I thought I was being very different from the earlier gen but I didn’t realise I was trying to take decisions for her, just like my parents did for me. I thought I was a modern age mom, encouraging her to work. But deep in my heart, no matter how well intended my wishes were, I wanted her to have a career which would not stand in the way of her promising future as a daughter in law! That she can select a life partner to match her profession or God forbid, maybe not even have one, never entered the discussion :p


 
My first thought when she shared her dream of becoming a marine biologist was, “Shucks, there goes my dream of a big fat wedding in a rich Punjabi family 😂.” 

Second was, “How will I find a boy for her gypsy lifestyle… How will I answer the world if she is alone, without the ‘protection of a husband or in laws’?? “

 The conditioning over the generations is so deep rooted that we are and will always be typecast in different roles and be expected to fulfil those roles to the T. We will continue to seek societal approval by following the norms set by it.


Luckily, she’s of a different mettle altogether and forged her way ahead (her father had a big role to play but that’s a different story).

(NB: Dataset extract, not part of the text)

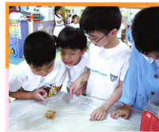
幼兒藉著實物來研究動物的眼睛結構。

Her unconventional thinking has helped crack my mould to quite an extent. She’s an accomplished marine biologist currently doing her PhD in Oxford. Her unconventional track gave me sleepless night while she worked with fishermen in a village for months, travelled to the remote-est of places for her projects or disappeared from the radar due to lack of cellular signals…
 

But, watching her happily stride ahead in her path, I realised one truth. We don’t need to break any moulds, we only need to stop putting people in them. I truly feel we will actually move out of stereotypes when we accept that a woman is free to make choices concerning her life and what she does with it… Unfettered by society and its imposed norms. 

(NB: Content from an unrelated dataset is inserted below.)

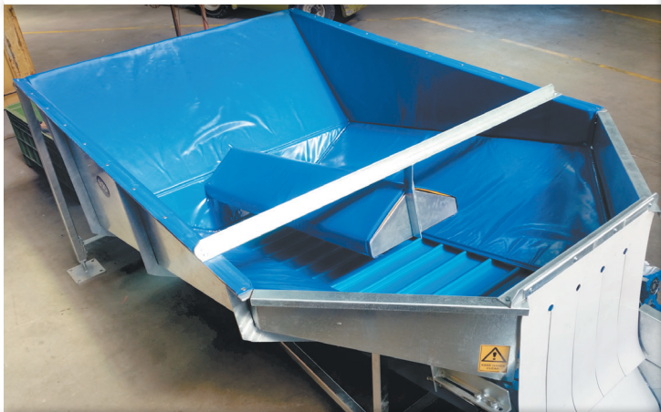
1 Tonne galvanised hopper with padding and turkeys roost over soft top cleated belt.

In all case the edp hopper drive systems are a direct gearbox mounted drive with remote electronic variable speed control.

And we start accepting her choices without questioning them.

Pic Credits:  The Spoilt Modern Indian Woman

Comments

It resonates at every level and I agree to the writers observation that we should not be putting peopke in moulds.it brings out the dilemma of today's mothers beautifully.
Rachna said…
Thankyou for your nice words Lovelifeworshipper... Much appreciated. Just voiced the real life scenarios of today's confused parents.
Nirmala said…
Kudos Rachana, your daughter is lucky to have the right upbringing!! If we stop paying heed to societal norms/ expectations, we will learn to think outside the box!
You have a way of putting the abstracts into right perspective.
An excellent musing!
Eagerly awaiting the next one!
Rachna said…
Thank you so much Nimzzzz. Just the ramblings of a confused parent trying to find a way out of this societal maze we live in
Unknown said…
Beautifully written Rach. Very thought provoking
Anonymous said…
Beautiful article.
I really admire your strength to break free from these moulds that we have created ourselves.
Good read
Soniasehgal6 said…
I have two young aspiring daughters. I completely resonate with your article.Loved it Rachna
Rachna said…
Thank you Sonia and others who have read and appreciated the article. (Sorry, your names are not showing up, so unable to respond to you personally)

Truly speaking, still in the process of getting out of my mould and doing my best to not put my family or friends in one :) Its an uphill battle and I hope to reach the summit someday
Shamita Sharma said…
Yes we do put our children especially girls in a certain mould.We claim to be the broad minded accepting generation, but its just thqt we have made a wider mould for them than our parents. We are quick to be critical of anything done beyond societal norms, which we consider as normal. We do have to let our children blossom and probably have more faith in ourselves and our parenting. Thanks Rach, writing this down just cleared my head q lot. It was a domino effect.